There will always be a challenge for any bootcamp style instruction between keeping everyone on the path while giving people enough free rei(g)n to explore. IRE's other bootcamps do this through a bit of free time during the day, some structured exercises and (importantly) lab time after the day's instruction with coaches who hang around to help out.

To @serdar's point... psych & pedagogical literature all recommends shorter distributed practice over a longer span of days, rather than big blocks of time on fewer days.

As a general matter i think we need to talk more about the devops aspects of how we instruct and bootstrap students especially with regard to the environments they're going back to. It's well and good if you can get folks hooked up and excited about programming on a computer we control and have provisioned, but if they're sent back to their newsroom and are totally out to sea when setting up their own environment... that's a major bummer.

I think it'd be worth talking about what the most straightforward and bulletproof path is to installing a self-contained and partitioned programming environment.
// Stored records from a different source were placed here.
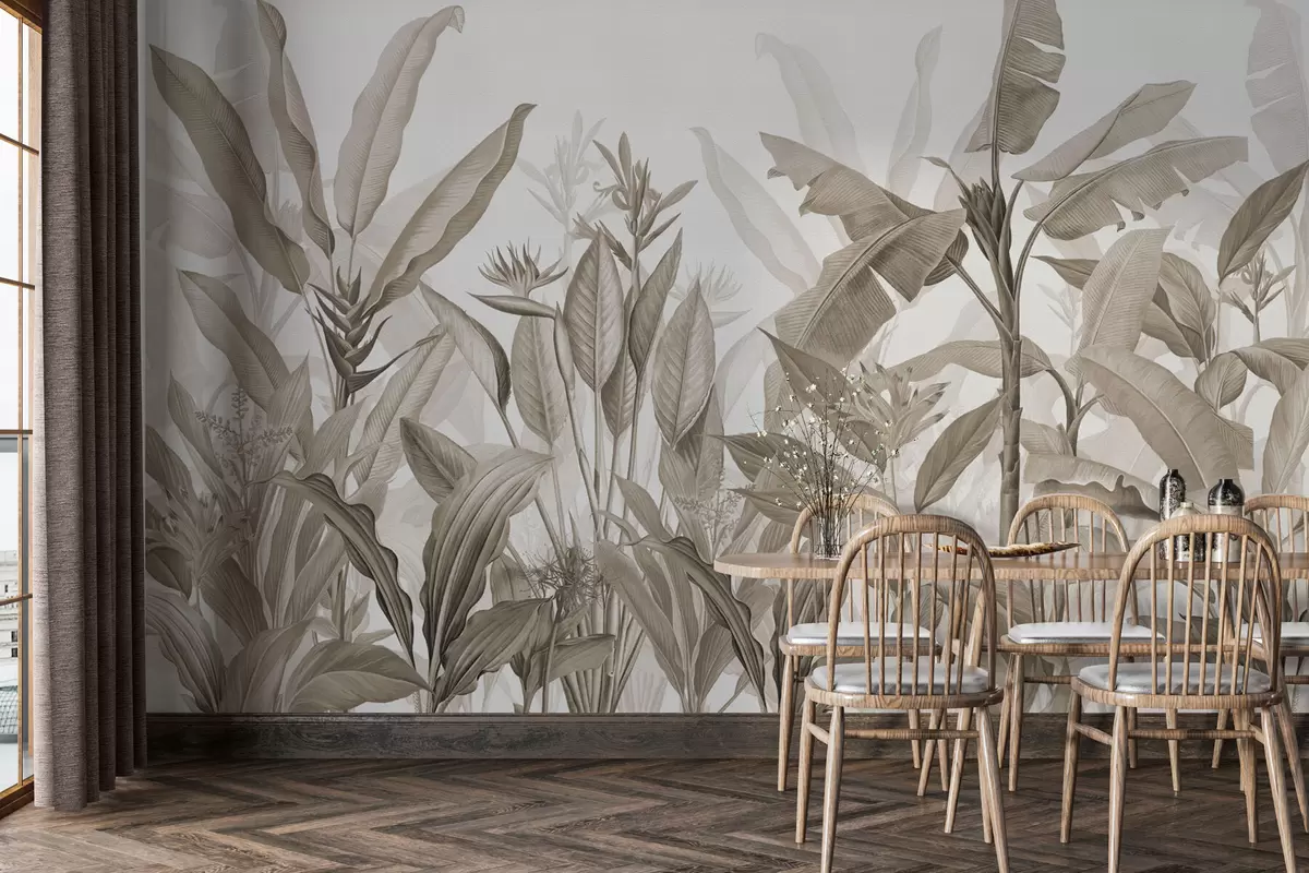 Тапете за зид Тропско лишће и цвеће на светлој позадини у стилу сепије бр. w01834v4
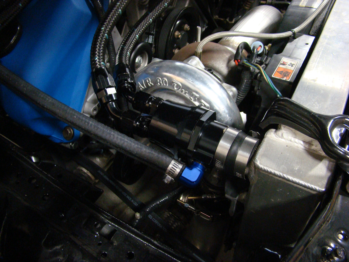 We developed this kit several years ago to clean up the install on the 4v cars running our turbo system and found out that a lot of other customers also were seeking this same product. What our system does is relocates the thermostat into the upper radiator line instead of its current factory position. Ford has the thermostat located after the radiator outlet which is going to see temperatures after coolant has already passed through the radiator. Relocating it up top where we have, this will have the thermostat reacting from a more actual engine temperature. This will allow for the car to operate cooler and have a much wider selection of thermostats that you can choose from. We use standard small block chevy(I know, I know) thermostats Also many people have issues after time with the factory coolant crossover leaking and needing replaced. This is a great option to not only replace the leaking factory unit but give the engine bay an updated look. Now you can replace the factory boring upper rubber hose with a more appealing braided line kit. This is sold separately and can be had for just $69. This includes your necessary AN fittings and 4' of our custom braided nylon black hose. Our kit is perfect for Marauder crowd which already has braced us and continues to be a big supporter of our product. Also the centrifugal supercharger users have the blower and air filter inlet directly in this path. Many of these people are running our products to allow for easier routing of the coolant line as well as the cooling benefits that come along with its use. We have customers running our kits on retrofitted 4v's into early cars, truck to cobra replica builds. Not only that the people running a blower on the 4v engines starts to look sloppy with the coolant lines routing all around it. This really allows you to run them however you might want to really clean up the look of the engine bay. Each kit has a 1 temp sensor port or 2 temp sensor ports. Depending on the car model its being used on, some have a secondary temp sensor which would require the 2nd option kit. If your planning on running an aftermarket coolant temp sensor, this is a very sleek way to gain access to the coolant for a hassle-free install. You would just choose option listed for the additional coolant temp sensor port: Key Details To v.2 Coolant Crossover Delete:
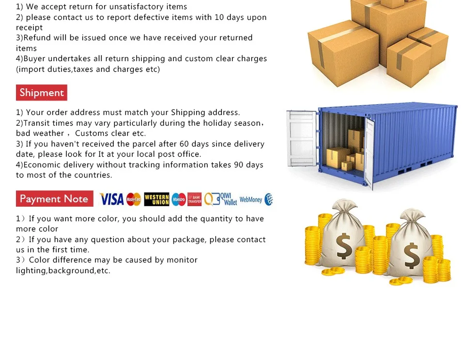 1. Размеры показаны с конкретными измерениями в подробных спецификациях. Пожалуйста, проверьте спецификации перед размещением заказа. Обычно допустимые различия в размере примерно 1-3 см в измерениях, пожалуйста, не оставляйте нам плохой отзыв.

I'm particularly interested in environments that can be snapshotted and reset after some of the messes we encountered during NICAR. So if anyone has thought about using Docker or Vagrant as teaching environments i'd love to hear about it! (IRE has some peculiar interests in this, as we encountered some snafus between classes, like instructors getting students to set the global git config for the machines they were on, which fubar'd subsequent classes which also required use of github)


An aside pertaining to the "there's so much python" thing:

My personal opinion is that it's really important to focus on capabilities rather than languages (and i agree w/ @joegermuska's comment that it's important to be focused & consistent). I'd love to see a skills based curriculum that could then be implemented in whatever language folks had an interest in teaching.

As someone running a project that's built in Ruby/JS, we already have a pipeline problem from residing in a community that defaults to Python. I've given up on taking Mizzou students for DocumentCloud, as basically all the students i've talked to are focused on learning to program in Python (or sometimes JS). I'm not interested in proselytizing (and wouldn't have time to even if i were), and if they feel like Python's the thing they need for their career, i'm more than happy to level up their skills by debugging their python scripts and give them pointers, but it essentially means that DocumentCloud is relegated to being an advanced news developer or non-news developer only project (and this makes me very deeply sad).

tommeagher commented 8 years ago

Closed by #26.

Alex hinted at this a few days ago, but it's worth mentioning that all of this feedback was really helpful as we've been thinking about the hands-on sessions at this year's conference. We're trying to use many of the ideas from this discussion to make things even better this year.

Thanks again for all of your feedback and comments. Please feel welcome to continue to contribute to the open issues (or open new ones) as we resume planning this year's iteration of PyCAR.